■ Dataset excerpt ■
* * * * *
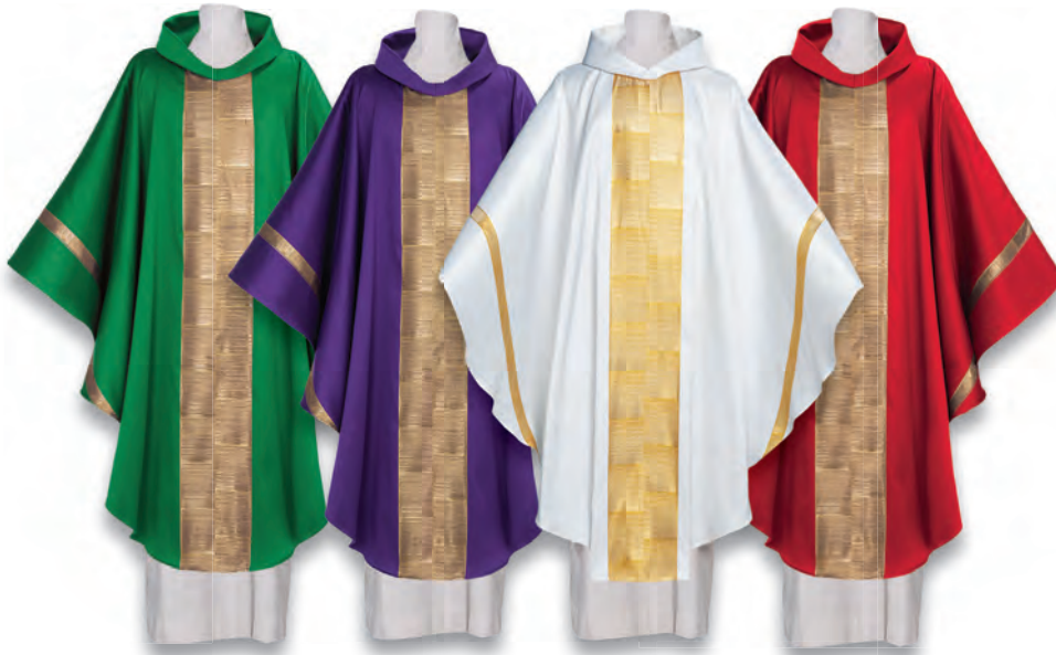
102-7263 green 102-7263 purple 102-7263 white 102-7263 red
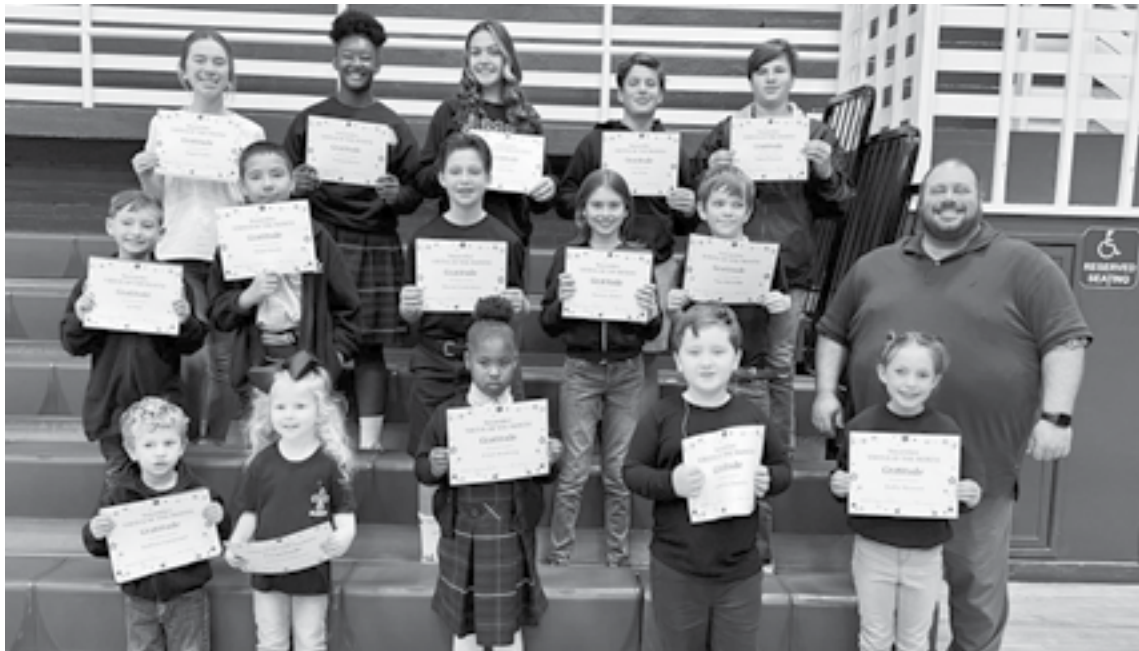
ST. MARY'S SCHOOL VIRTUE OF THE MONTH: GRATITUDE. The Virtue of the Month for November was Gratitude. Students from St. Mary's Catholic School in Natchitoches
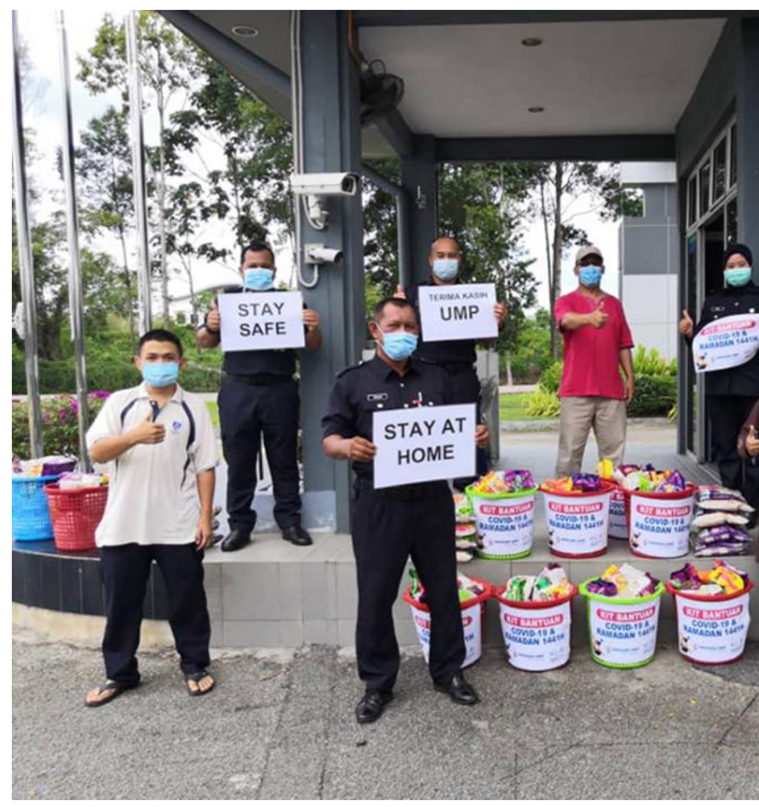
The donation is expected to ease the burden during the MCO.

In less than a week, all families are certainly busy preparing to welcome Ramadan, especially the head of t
* * * * *
■ Required work ■
Print every line of the material exactly as written, but drop the pictures.

■ Answer to the problem ■
102-7263 green 102-7263 purple 102-7263 white 102-7263 red
ST. MARY'S SCHOOL VIRTUE OF THE MONTH: GRATITUDE. The Virtue of the Month for November was Gratitude. Students from St. Mary's Catholic School in Natchitoches
The donation is expected to ease the burden during the MCO.

In less than a week, all families are certainly busy preparing to welcome Ramadan, especially the head of t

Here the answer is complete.